Medline ® Abstract for Reference 49
of 'ERCP for pancreatic disease in children'
Pancreatitis in pediatric human immunodeficiency virus infection.
Miller TL, Winter HS, Luginbuhl LM, Orav EJ, McIntosh K
J Pediatr. 1992;120(2 Pt 1):223.
Because pancreatitis has been reported frequently in adults with human immunodeficiency virus infection, we sought to determine the incidence of pancreatitis in children with acquired immunodeficiency syndrome by reviewing all records of children with AIDS, their serum amylase and lipase levels, and the factors associated with pancreatitis through a case-control analysis. During a 6-year period pancreatitis developed in 9 (17%) of 53 pediatric patients with AIDS. Six children had vertical transmission of infection and three patients had acquired HIV infection through contaminated blood products. Pancreatitis developed at a median age of 5.2 years (range 1.2 to 20 years). All patients had vomiting and abdominal pain. When the patients were first seen, lipase values were elevated more than amylase values (p = 0.028). Amylase and lipase levels declined at comparable rates.
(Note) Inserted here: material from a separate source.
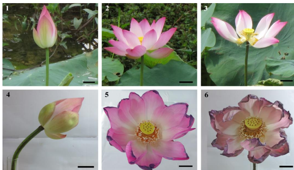
Hình 1-3. Các giai đoạn tăng trưởng và nở hoa của hoa sen trong tự nhiên: Nụ tăng trưởng đầy đủ ở ngày 0 (Hình 1), hoa nở hoàn toàn ở ngày 3 (Hình 2) và hoa lão suy ở ngày 4 (Hình 3) (thanh ngang 3 cm).

In the case-control analysis, pentamidine isethionate was significantly associated with pancreatitis (p = 0.02); the risk was greater in patients who received pentamidine isethionate and had absolute CD4 T-lymphocyte counts less than 100 cells/mm3 (p = 0.001). Infections associated with the onset of pancreatitis included cytomegalovirus (4), Cryptosporidium (1), Pneumocystis carinii pneumonia (3), and Mycobacterium avium intracellulare (1). Coinfection with cytomegalovirus was associated with a protracted course in four children. Ultrasonographic examination demonstrated biliary ductal dilatation 6 months after the onset of pancreatitis in one child. Seven children have died at a mean of 8 months after the initial onset of pancreatitis; the one living child has survived 5 months from the onset of pancreatitis. We conclude that pancreatitis is common in pediatric patients with AIDS and may be related to pentamidine isethionate exposure, especially when absolute CD4 T-lymphocyte counts are less than 100 cells/mm3. Serum amylase levels do not always accurately predict the onset of pancreatitis; serum lipase levels should be measured in children with symptoms. The onset of pancreatitis in an HIV-infected child is a poor prognostic indicator.
Combined Program in Pediatric Gastroenterology and Nutrition, Children's Hospital, Boston, MA 02115.